In $\Delta PQR$,$\overline{PM}$ is an altitude. If $PM^2 = QM \times RM$,prove that $\Delta PQR$ is a right-angled triangle.

(N/A) Given: In $\Delta PQR$,$\overline{PM} \perp \overline{QR}$ and $PM^2 = QM \times RM$.
Step $1$: From the given equation,we have $\frac{PM}{QM} = \frac{RM}{PM}$.
Step $2$: In $\Delta PMQ$ and $\Delta RMP$,$\angle PMQ = \angle RMP = 90^\circ$ (since $\overline{PM}$ is an altitude).

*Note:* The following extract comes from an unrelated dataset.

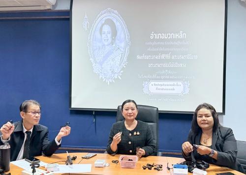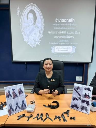 นางสาวอ้อยทิพย์ ปานสอาด นายอำเภอมวกเหล็ก พร้อมด้วย นางโสภิดา รังษา พัฒนาการอำเภอมวกเหล็ก,หัวหน้าส่วนราชการ,ปลัดอำเภอ,เจ้าหน้าที่พัฒนาชุมชน,คณะกรรมการพัฒนาสตรีอำเภอมวกเหล็ก(กพสอ.) ตลอดจนถึงประชาชนในพื้นที่อำเภอมวกเหล็กจัดกิจกรรมประดิษฐ์เข็มกลัดริบบิ้นสีดำ เพื่อแจกจ่ายให้แก่ประชาชนนำติดเสื้อผ้า ถวายความอาลัย ซึ่งจะได้นำไปแจกจ่ายให้กับพี่น้องประชาชนในการร่วมพิธีบำเพ็ญกุศล สวดพระอภิธรรม อุทิศถวายพระราชกุศล แด่สมเด็จพระนางเจ้าสิริกิต์ พระบรมราชินีนาถ พระบรมราชชนชีพันปีหลวง สัตตมวาร (7วัน) ในวันที่ 30 ตุลาคม 2568 ณ วัดมวกเหล็กนอก หมู่ที่3 ตำบลมวกเหล็ก อำเภอมวกเหล็ก จังหวัดสระบุรี

Step $3$: By the $SAS$ similarity criterion,$\Delta PMQ \sim \Delta RMP$.
Step $4$: Since the triangles are similar,their corresponding angles are equal: $\angle QPM = \angle PRM$ and $\angle PQM = \angle RPM$.

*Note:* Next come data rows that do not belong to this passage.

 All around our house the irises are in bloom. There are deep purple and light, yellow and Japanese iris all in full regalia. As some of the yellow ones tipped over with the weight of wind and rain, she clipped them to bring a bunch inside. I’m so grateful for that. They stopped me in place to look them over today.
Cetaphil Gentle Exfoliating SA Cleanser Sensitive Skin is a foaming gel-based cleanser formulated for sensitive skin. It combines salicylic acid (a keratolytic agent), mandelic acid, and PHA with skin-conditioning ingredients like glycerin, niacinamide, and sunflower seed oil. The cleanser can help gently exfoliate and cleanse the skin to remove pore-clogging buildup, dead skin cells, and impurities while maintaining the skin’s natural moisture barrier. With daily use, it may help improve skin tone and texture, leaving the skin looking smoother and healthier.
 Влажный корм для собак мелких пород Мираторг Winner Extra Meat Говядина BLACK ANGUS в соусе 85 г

Step $5$: In $\Delta PQR$,the sum of angles is $180^\circ$. Thus,$\angle P + \angle Q + \angle R = 180^\circ$.
Step $6$: Substituting the angles,we get $\angle QPM + \angle RPM + \angle Q + \angle R = 180^\circ$.
Step $7$: Since $\angle QPM = \angle R$ and $\angle RPM = \angle Q$,we have $\angle R + \angle Q + \angle Q + \angle R = 180^\circ$,which simplifies to $2(\angle Q + \angle R) = 180^\circ$,so $\angle Q + \angle R = 90^\circ$.
Step $8$: Therefore,$\angle P = 180^\circ - 90^\circ = 90^\circ$. Hence,$\Delta PQR$ is a right-angled triangle.